In all likelihood, the fact that former President John Dramani Mahama is himself a Gonja native of some remarkable royal standing in the Gonja sub-nation is something that does not make such request sit well with the critics who, by the way, appear to be largely the relatives and clansmen of the former President. But what is clear is that the Yagbonwura appealed to Vice-President Bawumia because his initial request to then-President Mahama may very well have been rebuffed; and perhaps rightly so, because it is not the legal and/or constitutional obligation of either Presidents or Vice-Presidents to facilitate the modernization of the palatial mansions of our traditional rulers, even the most prominent and/or important among these rulers.

The Mahamas, as most of our readers may already know, are not exactly cozy with the Bawumias or their Mamprusi/Mamprugu neighbors. Indeed, in the lead-up to the 2016 general election, we had an uncle of former President Mahama virulently accuse the late Alhaji Mumuni Bawumia, father of Ghana’s current Vice-President, of having politically undermined the fortunes of the Gonja people and that of Mr. Emmanuel Mahama, father of former President John Mahama, the first postcolonial Northern Regional Minister. Somebody from the same Mahama Clan would later attempt to mend matters by calling the members of the Mamprusi/Mamprugu community and their Gonja counterparts brothers and kinsfolk.

Whatever the reality on the ground may be, the request by Yagbonwura Tuntumba Borisa, I, for Vice-President Bawumia to assist with the construction of a modern palace for the Paramount King of the Gonja people is not as offensive as the news headlines made it seem.
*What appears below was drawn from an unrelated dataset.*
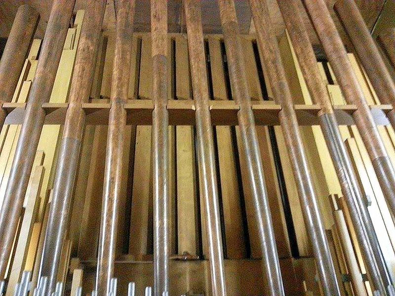 | Beschreibung | Blick von vorne auf die Bombarde 16' (HW) der Klais-Orgel in Christkönig Saarbrücken. Dahinter sind die beiden Schwellwerke übereinander angeordnet (oben SW1, unten SW2) |

The Yagbonwura merely requested that some of the budgetary allocations to the various Gonja traditional councils be earmarked for the purpose. It was not as if the Yagbonwura had asked the former Deputy-Governor of the Bank of Ghana to divert some funds from the national budget for the purpose. It also well appears to me that there ought to already exist some institutional and/or constitutional arrangements by which the various chieftaincy paramountcies receive some form of regular remittances from the central government.

At any rate, the photograph of the Gonja King’s palace that accompanied the news story captioned “Gonjas Fume Over Yagbonwura’s Request to Dr. Bawumia for a Modern Palace” looked quite impressive and historically appealing to me. I guess what I am trying to suggest here is that even if a new “modern” palace, whatever the latter means, get constructed, the historical genius of the Gonja architects and artists that is proudly and pleasantly reflected by the old or present palace must be preserved. Which simply means that the new palace must be built elsewhere. Eventually, the old palace could be converted into a nationally designated museum or landmark of some sort to attract tourist revenue.

I also don’t know the response that the Yagbonwura received from Vice-President Bawumia, both publicly and privately, but it does appear to me that while some prominent members of the Gonja State genuinely felt embarrassed by the request, nevertheless, it is he who wears the shoes who knows exactly where it pinches. A voluntary call to all Gonja-born Ghanaians resident at home and abroad, as suggested by some of the critics of the Yagbonwura, could be organized to supplement the effort. I am also inclined to suspect that the National House of Chiefs and its various regional and local branches all have some budgetary allocations that could be tapped into. Then also, the Yagbonwura could reach out to foreign donors who care about the preservation of our indigenous cultures for the purpose.